2005: What advice would Buffett give his successor?
AUDIENCE MEMBER: Now, Mr. Buffett and Mr. Munger, my name is Marc Rabinov from Melbourne, Australia.
I think it’s rare for diverse collections of businesses to be successful. And I believe an important part of Berkshire’s success has been your skillful oversight of the wholly-owned subsidiaries.
My question is, what advice would you give to your successor in managing our diverse portfolio of businesses?
WARREN BUFFETT: Yeah, well, it’s a very good point that Charlie and I have been known to rail a bit about companies that go and buy this business and that business. And, of course, that’s exactly what we’ve done ourselves over the years.
I think the motivations have been somewhat different, perhaps, than in many of the cases. And then I think the way we’ve approached it has been different.
We’ve — we have been reasonably successful although we’ve had some notable failures. But we’ve been reasonably successful in creating a climate where the people who built the businesses continue to run them with the same enthusiasm and energy after they sell to us that they possessed early on.
And I think that you can find all kinds of illustrations in the histories of businesses that are diversified. I mean, Gillette bought 20-some businesses. I remember, back in the ’60s, Coke bought all kinds of businesses.
And certainly the cigarette companies did, all kinds of people. The oil companies for a while were doing it. And generally, the experiences were not very good when they got outside of their own fields.
But I think when those companies bought businesses, they really thought they were going to take them over and run them themselves. And Charlie and I are under no illusions that we can run the businesses that we buy as well as, or nearly as well as, the people that have been running them over time.
And, we don’t have group vice presidents that — in Omaha — we don’t have a whole bunch of directives going out. We don’t have companies that were run one way and then we’re going to run them entirely differently, and have them reporting in all kinds of special ways to us, and have a human relations department and a public relations department, then the legal department — all kinds of things in Omaha — telling them how to run their businesses.
We think that destroys — can destroy — many good businesses — certainly can destroy the incentive of the people that have already gotten rich to stay around and make us rich in turn. So, I think that has been an important difference.
I think it’s been demonstrated well enough to all of those around Berkshire that it’s been a very good place, generally, I think, for people, in terms of how they feel about working there. And I think they recognize it works.
So, the successor, to me, will come from within Berkshire. They will have seen how it worked. They will believe in it. They will be surrounded by people who have worked in this manner. And I don’t think it will be the most difficult job in the world to keep that engine going down the tracks at 90 miles an hour.

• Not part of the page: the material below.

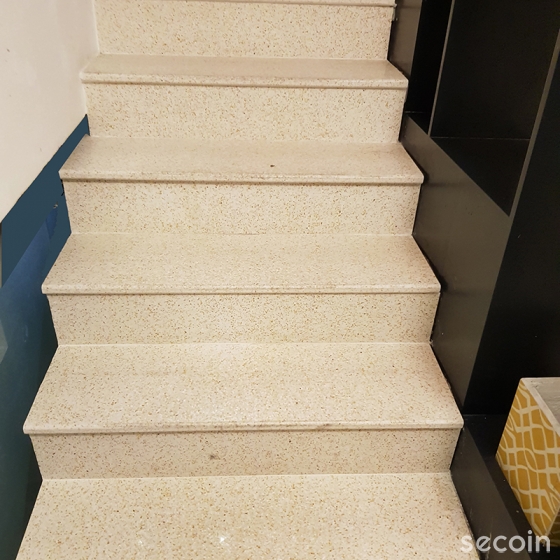 Bậc cầu thang Terrazzo Secoin được làm từ chất liệu tấm Terrazzo một lớp cao cấp và ép trên dây chuyền thiết bị hiện đại giúp cho sản phẩm có khả năng chịu lực và chịu va đập. Bên cạnh nhiều mẫu thiết kế đẹp mắt phối hợp hài hòa giữa màu nền và màu hạt đá trang trí, bậc cầu thang Terrazzo Secoin có thể được làm theo thiết kế của khách hàng.

I mean, it isn’t like they have to create the system. They will inherit a system.
And I would be amazed if any of the three successors that we will talk about with the directors on Monday, if any of them would not recognize the inherent special values in the system as it now works and take up one of these other models that clearly has been disastrous for one company after another that’s diversified.
Charlie?
CHARLIE MUNGER: Yeah. I don’t agree with you that the success at Berkshire has come from our oversight of the subsidiary —
WARREN BUFFETT: No.
CHARLIE MUNGER: — companies. It’s come from our lack of oversight of the subsidiary companies. And I think our successors will be able to provide the same wonderful lack of oversight — (laughter) — that we have provided.
And if you’re not going to use a lot of oversight, you’ve got to be very careful in what you bring into your corporate family. And you’ve got to be very careful in treating, honorably and well, the people who are running the businesses over which you’re not giving any oversight to speak of.
And I think our system is — it’s very different from a General Electric system. And I think their system works very well for them, but I don’t think it’s the only system in the world that works in corporate capitalism. And I think the Berkshire system will work very well after we’re gone.
WARREN BUFFETT: It’s a very simple system. I mean, GE works exceptionally well. But when I go back to some of the conglomerates — and that’s not a term that I shrink from, but most people do because they think it brings down their P/E or something — but we are a conglomerate. And I hope we become more of a conglomerate.
The — we don’t — we haven’t succeeded because we had great complicated systems or some magic formulas we apply or anything. We’ve succeeded because we don’t have — we have simplicity itself.
We take people that know how to play their game very well, and we let them play the game. And it’s just worked in one field after another. And every now and then we make a mistake. And we’ll — you know, there’ll be more mistakes made.
But overwhelmingly, it works. And it doesn’t require some great business insight or anything like that, in terms of whoever’s running this place, to keep that kind of machine in motion. I mean, it is not complicated.
The bigger worry would be that the culture would get tampered with in some way and people would try to oversteer, basically.
But that won’t happen. Our board won’t let it happen. And the ownership won’t let it happen.
And I think we’ve got something that’ll work for a very, very, very long time. And that’s why I’m comfortable with the fact that every share I have will go to a foundation that I care about having — getting good financial results in the future.
And I’m quite happy to have them have 100 percent of their money in Berkshire.